The village of Khun Tae lies along a rutted, dirt road, high in the mountains of Northern Thailand. An expansion of the electrical grid and widening cellular coverage in the region have brought new opportunities to this once-secluded village of the S’gaw Karen people, but it has also created new societal pressures.
Even though the S’gaw Karen are part of Thailand’s largest minority ethnic group, the Karen, they are still grappling with how to maintain their unique cultural and linguistic identity in the face of pressure to integrate into mainstream Thai institutions. One way the people of Khun Tae have taken up this challenge is to become strong advocates for their children to be taught to read in their mother tongue, the S’gaw Karen language. Yet, even as the community of Khun Tae advocates for this effective form of education, it’s a challenge to bring it to practice. Like thousands of minority-language communities across developing Asia, Khun Tae villagers are not provided with mother tongue-based materials at school, and very few publishers see an economic incentive in catering to a community of 200,000 Thai Karen within a country of nearly 69 million. As a result, S’gaw Karen children have few opportunities to read in their community’s mother tongue.
In this context, online modes of collaboration and sharing can be especially powerful, and platform-driven use cases are already emerging. This summer, S’gaw Karen volunteers in Northern Thailand, as well as groups in Cambodia, Indonesia, and Nepal, used a new online platform developed for The Asia Foundation’s Books for Asia program to translate dozens of open-access books into their native languages and publish them online for free. The platform, called Let’s Read!, is built around a simple interface and open-source software frameworks, and finished books are available to access for free either online, through an Android reader app, or as downloadable PDF and EPUB files (the global standard for ebooks). Within days, volunteers with no prior translation experience can connect with each other through an online interface, collaboratively create new language editions of children’s storybooks, and share them with their community. Thousands of pages have been translated using this tool, and more than 200 new translations have been published in Nepali, Khmer, Indonesian, Thai, and S’gaw Karen.

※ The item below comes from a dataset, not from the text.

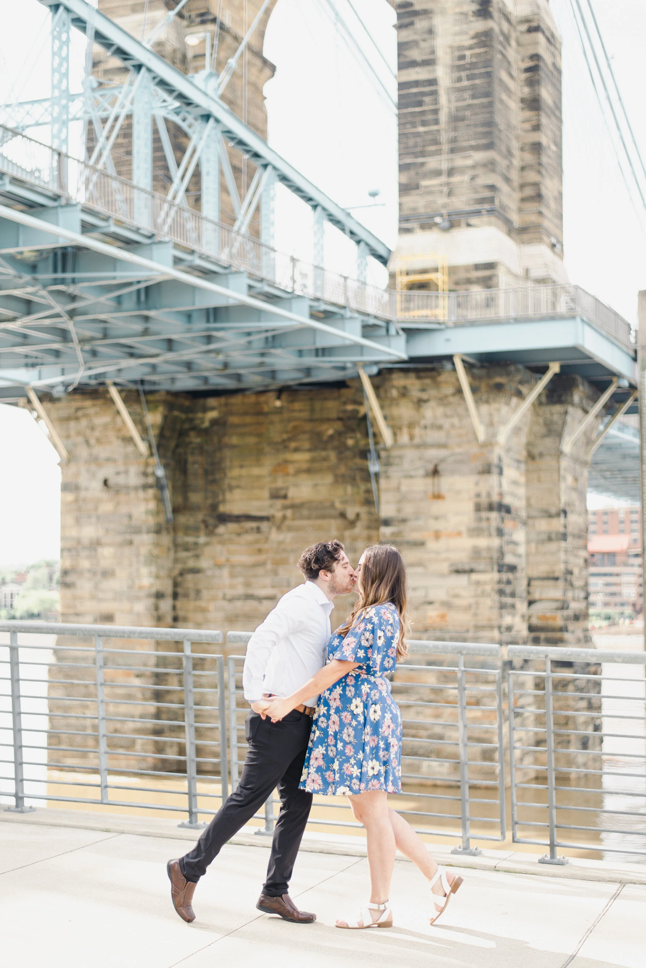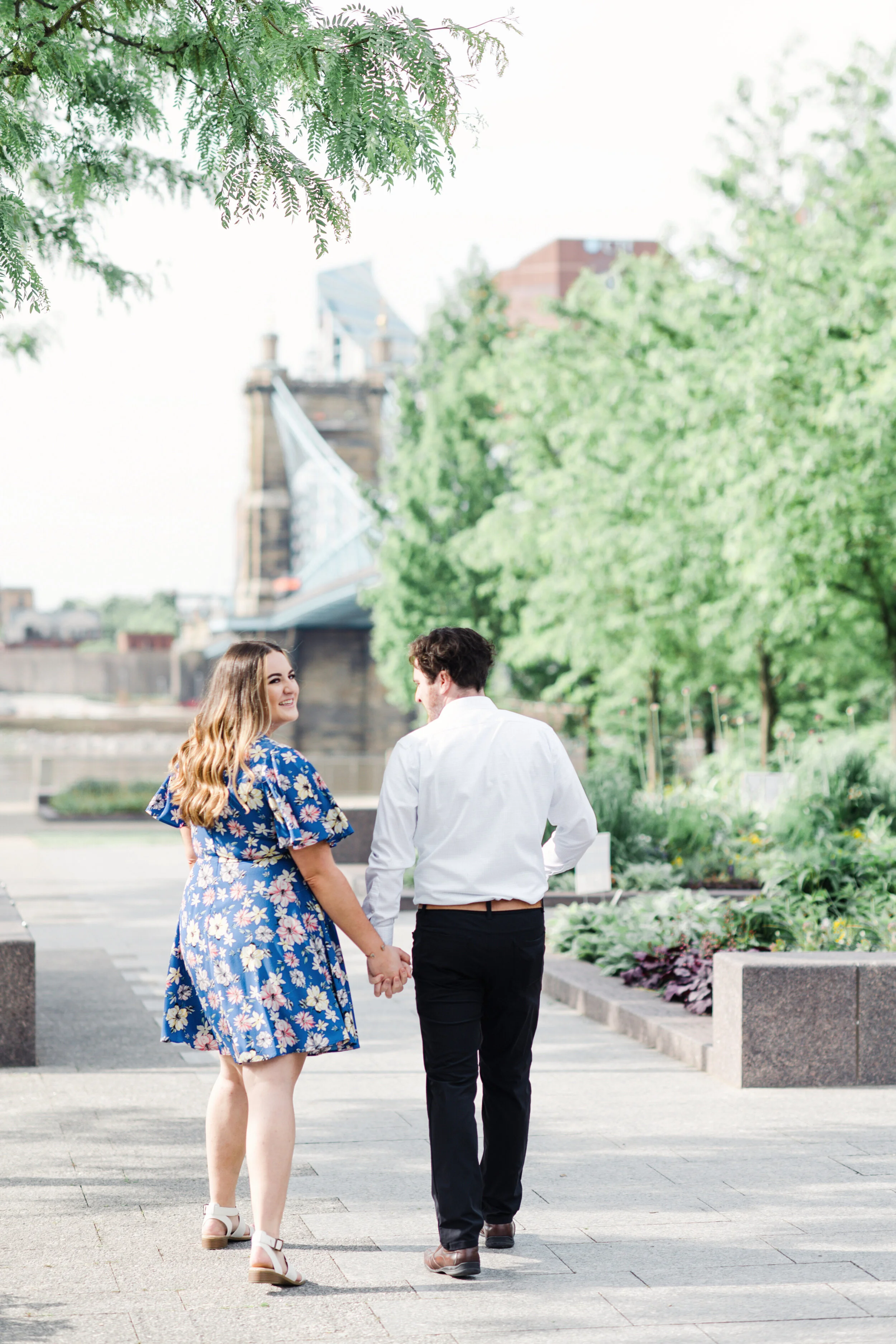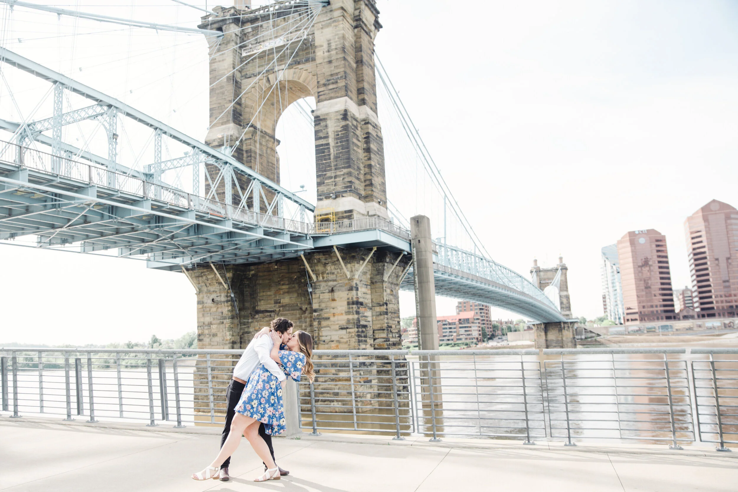 Our second location for their engagement session was Smale Park, which is located right on the riverfront in downtown Cincinnati. Itās a gorgeous park with great views of the Roebling bridge and the Ohio river. This riverfront lark is one of the absolute best locations in Cincinnati for engagement photos. It has a huge variety in one small area. The bridge was u fee construction and access was blocked off when we were there, but usually you could also take advantage of that spot and get photos actually on the bridge as well. Enjoy this gorgeous Cincinnati engagement session! I am so excited to photograph K & J on their wedding day later this year!

Today, Thailand is in the midst of a digital transformation, with rising smartphone ownership, expanding mobile network coverage, and an ambitious government plan to extend high-speed broadband coverage to every one of the nation’s 79,000 villages. Villages like Khun Tae and other communities like it will continue to advocate for resources that will help their children succeed in this changing world. But particularly for remote and underserved communities, these resources will have to be available online.